ELECTRICAL AND ELECTRONIC MEASUREMENTS
This research field refers to measurement architectures used in modern electrical power systems. In particular, the research is oriented to the design and development of measurement architectures for Smart Grids and power apparatus and systems for industrial applications. Some of the main topics covered by the Ph.D in Electrical and Electronic Measurements are the development and implementation of distributed and synchronized measurement systems; measurement uncertainty propagation analysis; characterization and performance evaluation of instruments, sensors and devices.

ELECTRICAL MACHINES AND DRIVES
The research concerns the design, the control and the diagnostics of electric machines, actuators and electric drives used in modern applications, such as electric and hybrid vehicles, generation from renewable energies and more-electric aircrafts, as well as in traditional industrial and automation scenarios. The research aims to improve efficiency, performance, reliability, and fault tolerance by optimizing the electromagnetic design, the topology, and the control of the whole drive.

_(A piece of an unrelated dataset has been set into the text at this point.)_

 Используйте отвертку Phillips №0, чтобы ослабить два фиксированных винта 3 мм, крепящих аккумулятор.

ELECTRICAL TECHNOLOGIES AND INNOVATIVE MATERIALS
The Ph.D. activity concerns theoretical and experimental models and methods for innovative electrical technologies and materials of modern power systems. The focus is on development and characterization of new materials for applications in HVDC, HVAC, energy harvesting, electrical sensors and actuators, batteries, as well as qualification and design of novel insulation systems. Additional topics regard reliability and diagnostics of electrical insulation systems (solid, liquid and gaseous) under DC, AC and non-sinusoidal voltage plus thermal transients associated with load cycles.

MAGNET TECHNOLOGY AND APPLIED SUPERCONDUCTIVITY
The research concerns resistive and superconducting magnets as well as the application of superconductors to the electric power system and transportations. In particular, magnets for Particle Accelerators, Nuclear Fusion, Magnetic Resonance Imaging, and Magnetic Levitation and Separation are treated. Applications of superconductors to Energy Storage Systems, Fault Current Limiters, transformers, cables, and rotating machines, are also investigated. Particular attention is paid to the characterization of magnetic and superconducting materials.

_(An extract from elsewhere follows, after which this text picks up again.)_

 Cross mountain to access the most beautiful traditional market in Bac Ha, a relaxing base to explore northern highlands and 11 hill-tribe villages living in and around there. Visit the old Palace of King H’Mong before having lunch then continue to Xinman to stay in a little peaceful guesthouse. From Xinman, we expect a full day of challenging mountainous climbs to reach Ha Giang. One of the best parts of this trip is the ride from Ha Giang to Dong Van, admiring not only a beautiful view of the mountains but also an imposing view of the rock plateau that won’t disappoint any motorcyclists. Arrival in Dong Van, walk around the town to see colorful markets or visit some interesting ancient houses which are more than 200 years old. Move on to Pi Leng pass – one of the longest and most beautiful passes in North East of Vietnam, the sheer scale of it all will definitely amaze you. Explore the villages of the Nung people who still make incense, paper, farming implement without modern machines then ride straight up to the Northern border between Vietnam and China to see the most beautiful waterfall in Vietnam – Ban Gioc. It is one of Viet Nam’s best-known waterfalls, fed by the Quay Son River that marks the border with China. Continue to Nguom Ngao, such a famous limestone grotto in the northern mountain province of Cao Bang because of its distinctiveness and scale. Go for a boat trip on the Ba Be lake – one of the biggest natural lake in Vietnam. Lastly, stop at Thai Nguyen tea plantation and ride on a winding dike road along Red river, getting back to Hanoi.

PLASMA ENGINEERING AND MAGNETOFLUIDODYNAMICS
This thread is focused on the study of plasmas and weakly ionized gases. The activities are conducted through theoretical and numerical modelling (PIC, drift-diffusion, MHD models), and experimental observation (spectroscopy, interferometry, electrical and fluid-dynamic diagnostics, imaging). Topics of interest include cold plasmas applications (fluid-dynamic control, sterilization, plasma medicine), aerospace applications (MHD re-entry, electric propulsion), industrial plasma processes and plasma power supplies design and construction.

POWER ELECTRONICS AND RENEWABLES
This PhD research field concerns electric and electronic power circuits
for energy conversion, power quality, and renewable sources. Particular emphasis is given to photovoltaic and wind generation, in both stand-alone and grid-connected configurations. Power electronic converters are analyzed and developed, with reference to single- and multi-phase inverters, multi-level converters, switching resonant circuits for wireless power transfer. Energy harvesting and charging systems for electric vehicles also belong to this research topic.

POWER SYSTEMS AND SMART GRIDS
The research field includes projects relevant to the operation, control and protection of modern electric power systems following the smart grid paradigm for the improvement of system security and efficiency, the development of centralized as well as distributed electricity generation from renewable energy sources, the set-up of electricity markets that foster competition and economic efficiency, and the increased electrification of the transportation system.